To run the node and all the publishers, subscribers, timers and a filter we add the main function.
int main(int argc, char ** argv)
{
rclcpp::init(argc, argv);
auto node = std::make_shared<LatestTimeExampleNode>();
rclcpp::spin(node);
rclcpp::shutdown();
return 0;
}
2. LatestTime synchronization policy
The Synchronizer class provides an option to use different policies
to synchronize messages from multiple topics.
The LatestTime policy synchronizes up to N incoming channels by the rates they are received.
The callback with all the messages will be triggered whenever the fastest message is received.
The slower messages will be repeated at the rate of the fastest message and will be updated
whenever a new one is received.
3. Update package.xml
Navigate to your package root and add the following dependencies in package.xml:
<depend>message_filters</depend>
<depend>rclcpp</depend>
<depend>std_msgs</depend>
4. Add the Node to a CMakeLists.txt
Now open the CMakeLists.txt add the executable and name it latest_time_tutorial, which you’ll use later with ros2 run.
find_package(ament_cmake_auto REQUIRED)
ament_auto_find_build_dependencies()
add_executable(latest_time_tutorial src/latest_time_tutorial.cpp)
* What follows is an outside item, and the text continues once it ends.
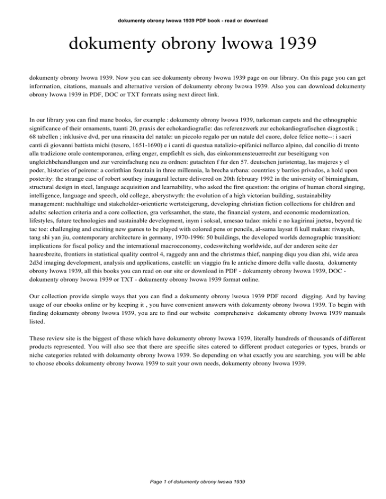 dokumenty obrony lwowa 1939 PDF book - read or download dokumenty obrony lwowa 1939 dokumenty obrony lwowa 1939. Now you can see dokumenty obrony lwowa 1939 page on our library. On this page you can get information, citations, manuals and alternative version of dokumenty obrony lwowa 1939. Also you can download dokumenty obrony lwowa 1939 in PDF, DOC or TXT formats using next direct link. In our library you can find mane books, for example : dokumenty obrony lwowa 1939, turkoman carpets and the ethnographic significance of their ornaments, tuanti 20, praxis der echokardiografie: das referenzwerk zur echokardiografischen diagnostik ; 68 tabellen ; inklusive dvd, per una rinascita del natale: un piccolo regalo per un natale del cuore, dolce felice notte--: i sacri canti di giovanni battista michi (tesero, 1651-1690) e i canti di questua natalizio-epifanici nellarco alpino, dal concilio di trento alla tradizione orale contemporanea, erling enger, empfiehlt es sich, das einkommensteuerrecht zur beseitigung von ungleichbehandlungen und zur vereinfachung neu zu ordnen: gutachten f fur den 57. deutschen juristentag, las mujeres y el poder, histories of peirene: a corinthian fountain in three millennia, la brecha urbana: countries y barrios privados, a hold upon posterity: the strange case of robert southey inaugural lecture delivered on 20th february 1992 in the university of birmingham, structural design in steel, language acquisition and learnability, who asked the first question: the origins of human choral singing, intelligence, language and speech, old college, aberystwyth: the evolution of a high victorian building, sustainability management: nachhaltige und stakeholder-orientierte wertsteigerung, developing christian fiction collections for children and adults: selection criteria and a core collection, gra verksamhet, the state, the financial system, and economic modernization, lifestyles, future technologies and sustainable development, inym i soksal, umesao tadao: michi e no kagirinai jnetsu, beyond tic tac toe: challenging and exciting new games to be played with colored pens or pencils, al-sama laysat fi kull makan: riwayah, tang shi yan jiu, contemporary architecture in germany, 1970-1996: 50 buildings, the developed worlds demographic transition: implications for fiscal policy and the international macroeconomy, codeswitching worldwide, auf der anderen seite der haaresbreite, frontiers in statistical quality control 4, raggedy ann and the christmas thief, nanping diqu you dian zhi, wide area 2d3d imaging development, analysis and applications, castelli: un viaggio fra le antiche dimore della valle daosta, dokumenty obrony lwowa 1939, all this books you can read on our site or download in PDF - dokumenty obrony lwowa 1939, DOC dokumenty obrony lwowa 1939 or TXT - dokumenty obrony lwowa 1939 format online. Our collection provide simple ways that you can find a dokumenty obrony lwowa 1939 PDF record digging. And by having usage of our ebooks online or by keeping it , you have convenient answers with dokumenty obrony lwowa 1939. To begin with finding dokumenty obrony lwowa 1939, you are to find our website comprehensive dokumenty obrony lwowa 1939 manuals listed. These review site is the biggest of these which have dokumenty obrony lwowa 1939, literally hundreds of thousands of different products represented. You will also see that there are specific sites catered to different product categories or types, brands or niche categories related with dokumenty obrony lwowa 1939. So depending on what exactly you are searching, you will be able to choose ebooks dokumenty obrony lwowa 1939 to suit your own needs, dokumenty obrony lwowa 1939. Page 1 of dokumenty obrony lwowa 1939

Finally, add the install(TARGETS…) section so ros2 run can find your executable:
install(TARGETS
latest_time_tutorial
DESTINATION lib/${PROJECT_NAME})
5. Build Your Package
From the root of your workspace:
6. Run the Node
Now run the node using:
ros2 run latest_time_tutorial latest_time_tutorial
The console output should look something like this:
[INFO] [1773694323.514600409] [latest_time_example_node]: Sync callback. Msgs: Fast msg. Count: 4, Slow msg. Count: 2, Very slow msg. Count: 1
[INFO] [1773694324.014240647] [latest_time_example_node]: Sync callback. Msgs: Fast msg. Count: 5, Slow msg. Count: 2, Very slow msg. Count: 1
[INFO] [1773694324.514252533] [latest_time_example_node]: Sync callback. Msgs: Fast msg. Count: 6, Slow msg. Count: 3, Very slow msg. Count: 1
[INFO] [1773694325.014487832] [latest_time_example_node]: Sync callback. Msgs: Fast msg. Count: 7, Slow msg. Count: 3, Very slow msg. Count: 1
[INFO] [1773694325.514573661] [latest_time_example_node]: Sync callback. Msgs: Fast msg. Count: 8, Slow msg. Count: 4, Very slow msg. Count: 2
[INFO] [1773694326.014433118] [latest_time_example_node]: Sync callback. Msgs: Fast msg. Count: 9, Slow msg. Count: 4, Very slow msg. Count: 2
Note that on each line the Fast msg counter increases it’s value by 1.
At the same time, the Slow msg counter increments once for every two lines.
And it takes four lines to increase Very slow msg counter by one.
This means that it takes very_slow_publisher almost four times more time to publish one message than that of the fast_publisher.
But the sync_callback is invoked for every incoming fast message with the previous values of all the other messages.
This is essentially an upsampling of slower messages.